Business Judgment Rule
• Immunizes a director or officer from
liability from consequences of a business
decision that turned sour.
• Court will not require directors or officers
to manage “in hindsight.”
• As long as decision was reasonable,
informed, made in good faith and in the best
interests of the corporation, BJR will apply.
Shareholders
• Ownership of shares grants a shareholder an
equitable ownership interest in a corporation.
• Shareholders generally have no right to manage
the daily affairs of the corporation, but do so
indirectly by electing directors.
• Shareholders are generally protected from
personally liability by the corporate veil of limited
liability.
Shareholder Liability
• If the corporation fails, shareholders
generally cannot lose more than their
investment.
• Shareholders are generally not liable for the
contracts or torts of the corporation.
However the corporate veil may be pierced
under:
-“Alter ego theory” or
- “Undercapitalization theory”
Shareholder Powers
• Shareholder powers include approving all
fundamental changes to the corporation:
– Amending articles of incorporation or
bylaws.
– Approval of mergers or acquisition.
– Sale of all corporate assets or dissolution.

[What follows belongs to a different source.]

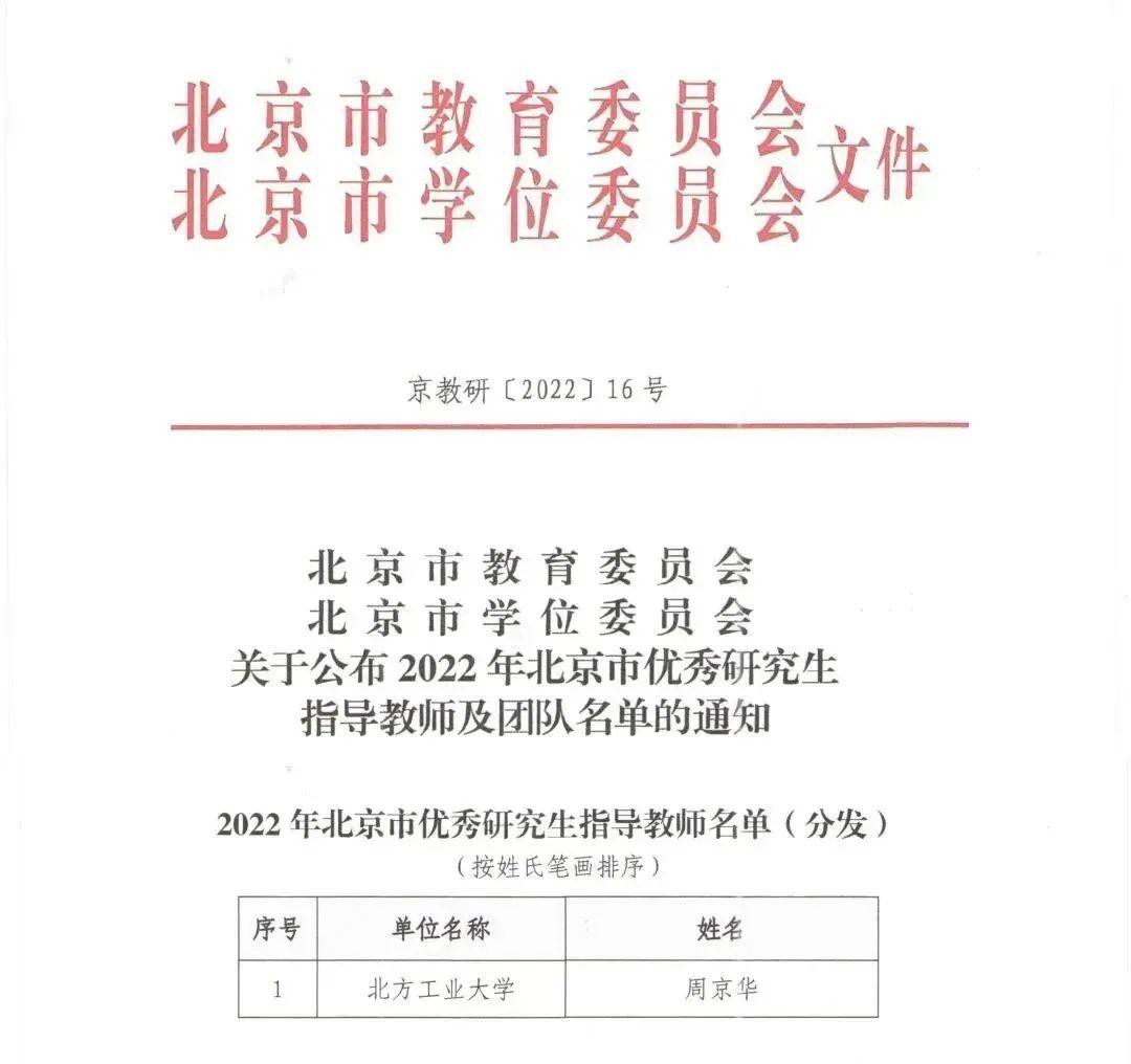 近日,北京市教育委员会、北京市学位委员会公布了2022年北京市优秀研究生指导教师及团队名单,公司最靠谱的十大足球平台周京华教授获评“优秀研究生指导教师”。
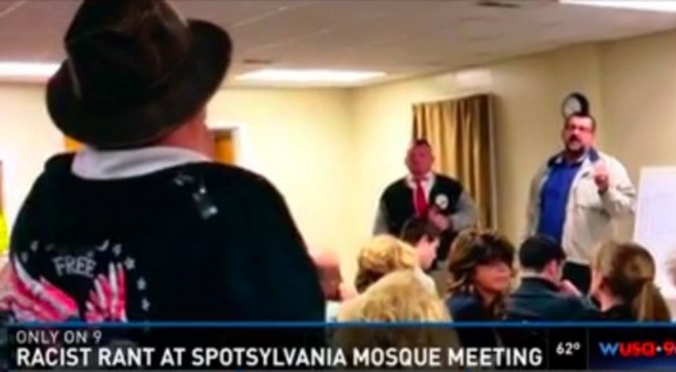 At least two men were caught on video going on anti-Islam rants at a Virginia public meeting over the proposed construction of a mosque.

• Shareholders also elect and remove the
board of directors.
Shareholders Meetings
• Shareholders’ meetings must occur at least
annually. Voting requirements and procedures are:
– Quorum of shareholders owning more than
50% of shares must be present to conduct
business;
– Shareholders may appoint a proxy.
• Common shareholder entitled to one vote per
share (bylaws may prescribe ways to help
minority shareholders elect Directors).
Shareholders Meetings
• For special shareholder meetings:
– Notice and time of meetings must be sent
in writing to each shareholder within a
reasonable time ahead of the meeting.
– Notice must state reason for meeting and
only deal with this matter.
Shareholders Rights
•
•
•
•
•
Conduct Shareholders Meetings
Vote in Person or by Proxy
Vote by Number of Shares Owned
Inspection of Books & Records
Right to Transfer Shares (unless restricted by
agreement)
• Right to buy newly issued stock (Preemptive
Rights)
• Dividends and Rights on Dissolution
Preemptive Rights
• Common law concept which is a preference
to existing shareholders to purchase a prorated share of newly-issued stock within a
certain period of time.
• Provided for in the articles of incorporation.
• Significant in a close corporation to prevent
dilution and loss of control.
Dividends
• Distribution of corporate profits or income.
• Only as ordered by the Board (Shareholder
approval is not needed).
• Can be stock, cash, property, stock of other
corporations.
Failure by Directors to Declare
Dividend
• When directors fail to declare a dividend,
shareholders can sue.
• Directors do not have to declare if they have
a rational basis for withholding a dividend
(a bona fide purpose).
• Often, profits are retained for expansion,
research or upgrades.
Mergers and Consolidations
• Merger - combination of two or more
corporations with one corporation surviving
• A+B=A
• Successor assumes all liabilities and
obligations of prior corporations
Mergers and Consolidations
• Consolidation - combination of two or more
corporations with new corporation created
• A+B=C
• Successor assumes all liabilities and
obligations of prior corporations
Purchase of Assets or Stock
• Purchase of Assets - one corporation buys
assets of another corporation
• No assumption of liabilities by purchaser
(unless really a continuation of previous
company or a fraud to avoid liability)
• Selling corporation continues to exist
Purchase of Assets or Stock
• Purchase of Stock - one corporation or party
buys stock of another corporation (tender
offer)
• Control of all assets goes with stock
• Liabilities remain in corporation
• Corporation may be held as subsidiary or
merged into acquiring corporation
Termination
• Termination of a corporation consists of two
phases:
– Dissolution (voluntary or involuntary legal
“death” of the corporation); and
– Liquidation (assets converted to cash and
distributed to creditors and shareholders).